> _Dataset extract_:
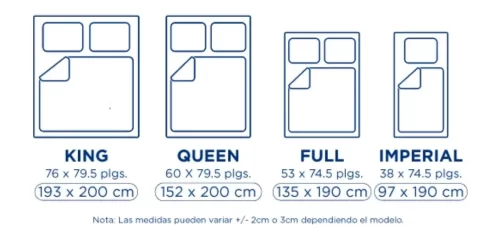 | Tamaño (Americana) | Full (135 x 190 cm), Queen (152 x 200 cm), King Size (193 x 200 cm) |
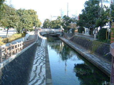 数分歩くと、水門川にきました。 この川沿いを中心に散策することに・・・ |
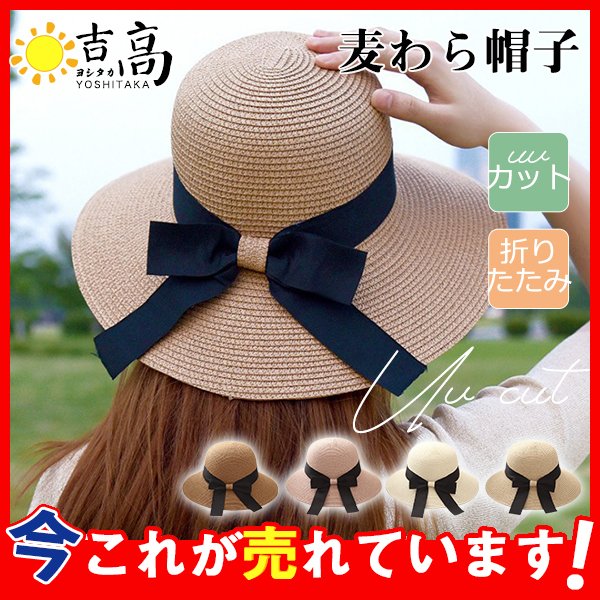 麦わら帽子 レディース リボン あご紐付き 風で飛ばない 折りたたみ 日よけ帽子 ペーパーストローハット 自転車 おしゃれ uvカット 春夏 リゾート

> _Description of the task_: The data above needs to be retyped exactly, with the images left out.

> _Reply to the exercise_:
 | Tamaño (Americana) | Full (135 x 190 cm), Queen (152 x 200 cm), King Size (193 x 200 cm) |
 数分歩くと、水門川にきました。 この川沿いを中心に散策することに・・・ |
 麦わら帽子 レディース リボン あご紐付き 風で飛ばない 折りたたみ 日よけ帽子 ペーパーストローハット 自転車 おしゃれ uvカット 春夏 リゾート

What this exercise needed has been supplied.